Image Captioning is a supervised learning task that input data for an image $x $, the output data is a statement describing the image $y $. Vinyals et al. [2015] is similar to the machine translation just now , but the original encoder changed to convolution neural Network, decoder or LSTM layer, K Arpathy and Fei-fei [2014] uses a bidirectional CNN with a attention mechanism to encoding the image, and uses the standard RNN to decode the description of the image, using the vector of words generated by the Word2vec. This model produces the captioning of the whole picture, and also produces the correspondence between the image area and the text fragment.
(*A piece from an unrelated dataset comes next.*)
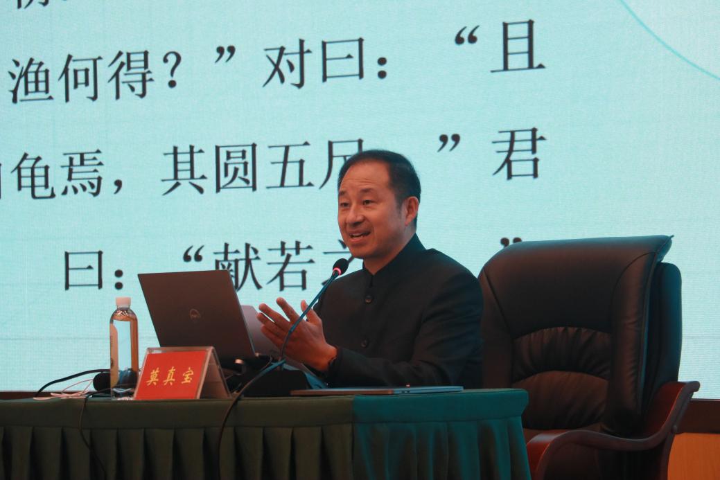 讲座期间,莫真宝主任聚焦人生困境的破解与精神境界的提升,从庄子所处时代的经济社会悖论入手,清晰剖析了古今共通的生存矛盾与人生困惑。随后,他依托“庖丁解牛”“逍遥游”等经典寓言及文献典籍,逐步深入阐释庄子的处世智慧与脱困之道。既解读出“以无厚入有间”的顺应规律之法、“鹓鶵非梧桐不栖”的品格坚守之道,又借助大鹏意象生动传递出突破外界束缚、追求精神绝对自由的理想境界。同时,他结合毛泽东诗词以及历代文人对庄子思想的接受实例,追溯庄子智慧深厚的文化影响力,寄语师生以豁达心态直面生活与学习中的各类挑战,在探索前行中找寻内心的平静与专属“逍遥”。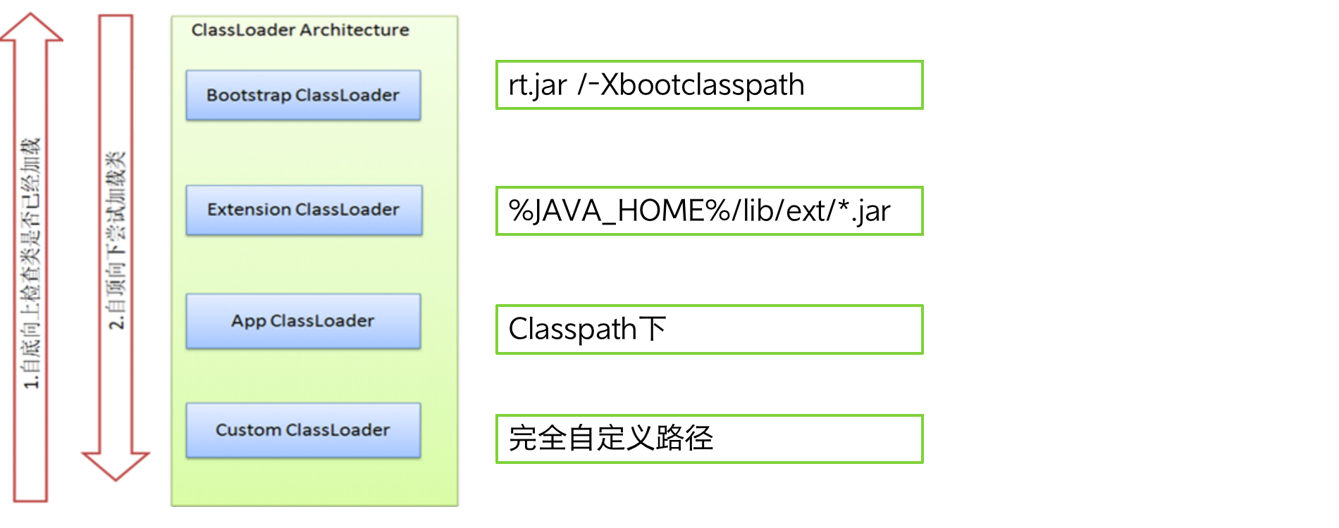 加载的方法是从上往下的,并不是APPClassLoader找不到就让APPClassLoader做加载,先由BootsTrapClassLoader做加载,如果BootsTrapClassLoader加载成功了,下面的ClassLoader就不做事情,如果BootsTrapClassLoader没有加载成功,就让ExtensionClassLoader,做加载,如果ExtensionClassLoader没有加载成功,再让APPClassLoader加载。由此可见,如果一个class由BootsTrapClassLoader加载之后,再去询问,在ExtensionClassLoader中是没有的,因为不是第一个尝试加载的ClassLoader

When the printing image is inferred, the process is similar to machine translation, decoding one word at a time, and getting the best words as input for the next moment, knowing to reach <eos>. Karpathy and Fei-fei are tested on three datasets: [flickr8k, flickr30k, and COCO, respectively, 50MB (8000 images), 200MB (30,000 images), and 750 MB (328,000 images)], and the CNN used by encoder is trained on Image Net.
some of the other tasks, like handwriting recognition, in this task, bidirectional LSTM achieved the State-of-the-art effect, HMM's quasi-rate is 70.1%, and bidirectional LSTM reached 81.5%. And in recent years people have put the above successful methods and applications to unsupervised video encoding [Srivastava et al., 2015] with video captioning [Venugopalan et al., 2015] very To program execution [Zaremba and Sutskever,], video captioning the author uses CNN to get pictures of the characteristics of the frame and then throw into the LSTM to encode, decoding the corresponding words generated.